A normed space $E$ is reflexive if and only if the weak- and weak*-topology coincide on $E'$ Let $E$ be a normed space. It is claimed in this answer that $E$ is reflexive (which is to say that the canonical embedding of $E$ into $E''$ is surjective) if and only if "the weak- and weak*-topology on $E'$ coincide".
I didn't found this result in the literature on functional analysis I'm usually consulting. So, could anyone recommend a good reference?

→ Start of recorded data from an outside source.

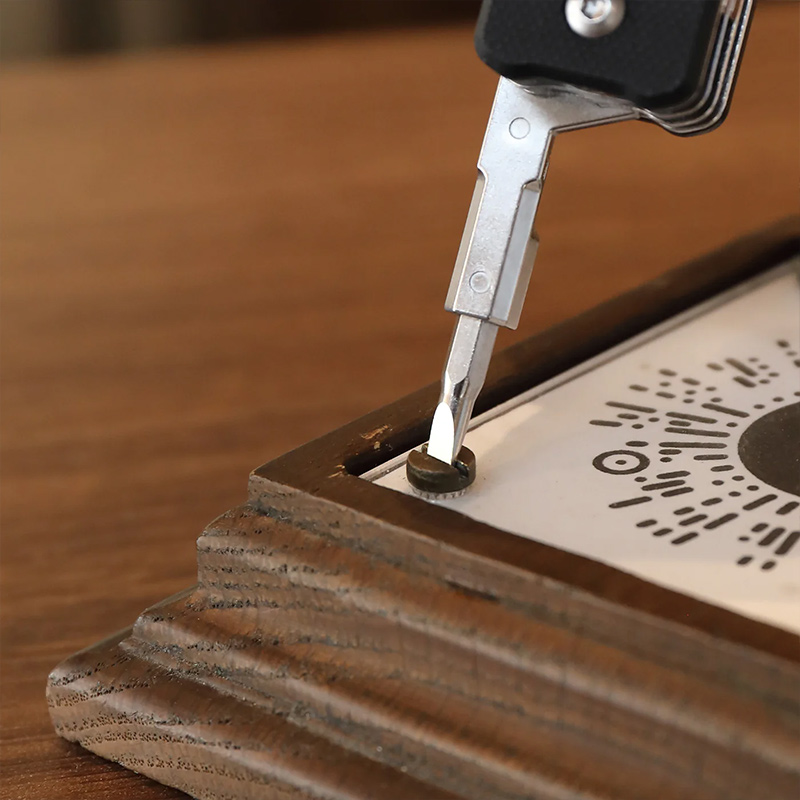 Besonders praktisch ist das integrierte Schraubersystem mit Bits, das dem Knight K30 zusätzliche Vielseitigkeit verleiht – etwa für Brillen, kleinere Elektronik oder lose Schrauben an Ausrüstung und Alltagsgegenständen. So wird aus dem Taschenmesser ein kompakter Allrounder für viele typische Kleinstaufgaben.
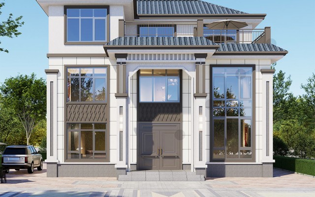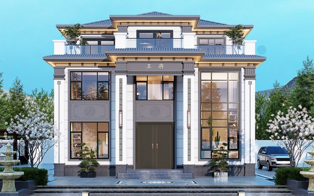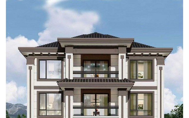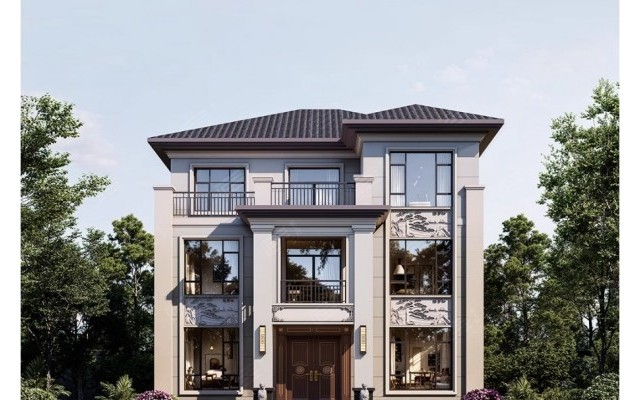 三层兄弟别墅新中式风格双排尺寸: 20mx9m
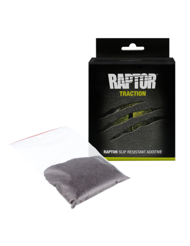 Aditivo antideslizante RAPTOR Traction para añadir directamente a las botellas de revestimiento protector RAPTOR antes de la aplicación. RAPTOR Traction viene en una bolsa de 200g, lo suficiente para llenar una botella de RAPTOR para una aplicación típica antideslizante.
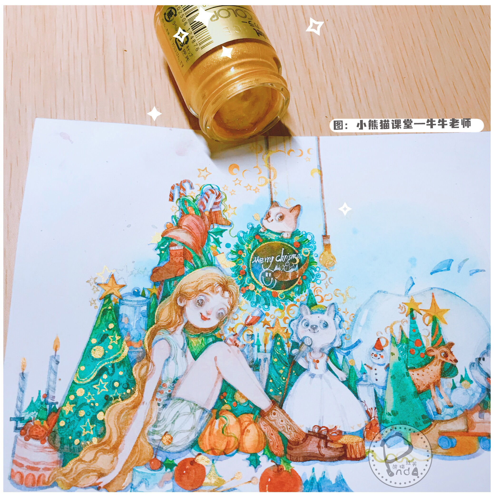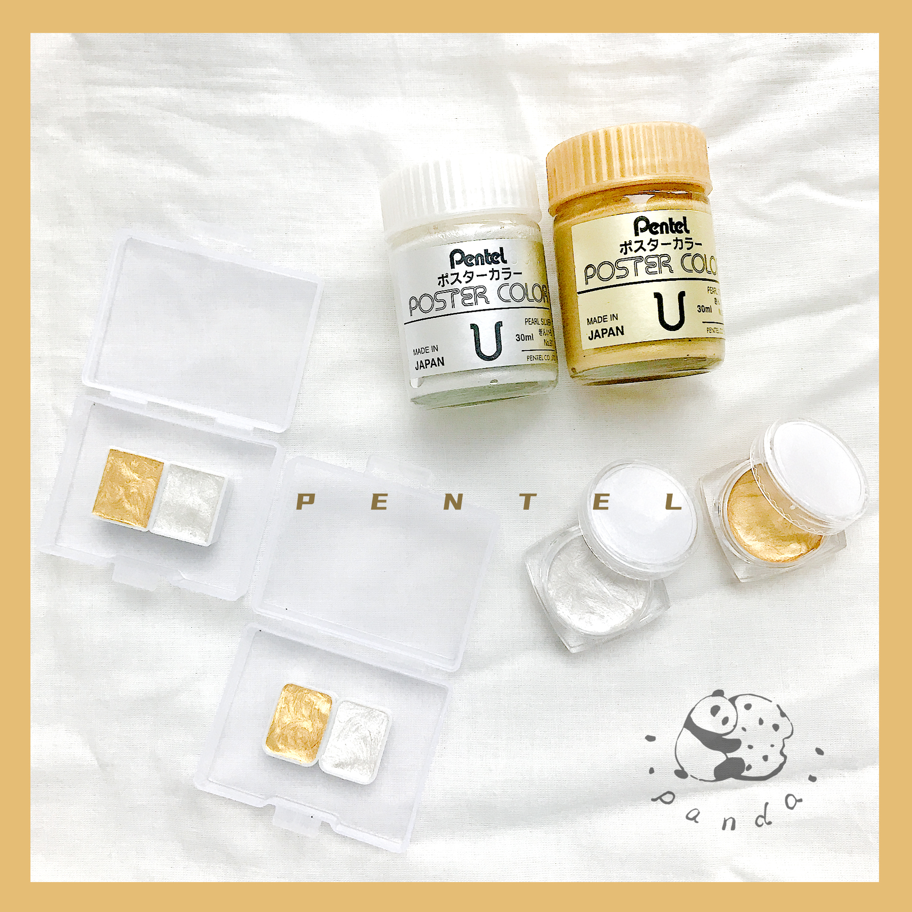 Pentel Japan sends Tonggold powder pigment to paint watercolor painting in gold color

But more importantly: How do we need to understand this result at all? The "weak*-topology" is a topology on $E'$. So, that's fine. But the "weak-topology" is a topology on $E$. So, what does it mean that both topologies coincide on $E'$ when the latter is not even a topology on $E'$?
 A: I don't know a good reference to a proof of the equivalence you are looking but I think the proof is elementary.
Let $\mathcal{T} \subset 2^{E'}$ denote the weak topology on $E'$ and let $\mathcal{U} \subset 2^{E'}$ denote the weak$^{\ast}$ topology.
Assume first that $E$ is reflexive and aim to show that $\mathcal{U}= \mathcal{T}$. By definition, $\mathcal{T}$ is the weakest (smallest w.r.t inclusion) topology on $E'$ making all norm-continuous functionals on $E'$ continuous. Also by definition, $\mathcal{U}$ is the smallest topology making all point-evaluation functionals $\text{ev}_x:E' \rightarrow \mathbb{K}$, $x \in E$ on $E'$ continuous. Since $E$ is reflexive these sets of linear functionals on $E'$ are the same, so $\mathcal{T}= \mathcal{U}$.
Assume now that $\mathcal{T}= \mathcal{U}$ and aim to show that $E$ is reflexive. Let $\ell: E' \rightarrow \mathbb{K}$ be norm continuous. Then it is continuous w.r.t $\mathcal{T}$ and hence with respect to $\mathcal{U}$. The latter implies that the set $\{x' \in E'\,:\, |\ell(x')| < 1\}$ is weak$^{\ast}$ open.  It follows that there are $x_1, \dots, x_n \in E$ and $\varepsilon_1,\dots, \varepsilon_n > 0$ so that
$$
\bigcap_{i=1}^n{\{x' \in E' \,:\, |x'(x_i)| < \varepsilon_i\}} \subset \{x' \in E'\,:\, |\ell(x')| < 1\}.
$$
Hence
$$
\bigcap_{i=1}^n{\ker{(\text{ev}_{x_i})}} \subset \ker{\ell}.
$$
This implies that $\ell = \text{ev}_x$ for some $x$ in the linear span of the $x_i$'s . What I've just explained in the last paragraph is probably very standard: Every weak$^{\ast}$ continuous linear functional is a point-evaluation functional.
To answer your last paragraph: The weak topology can be defined on any normed vector space, in particular on dual spaces.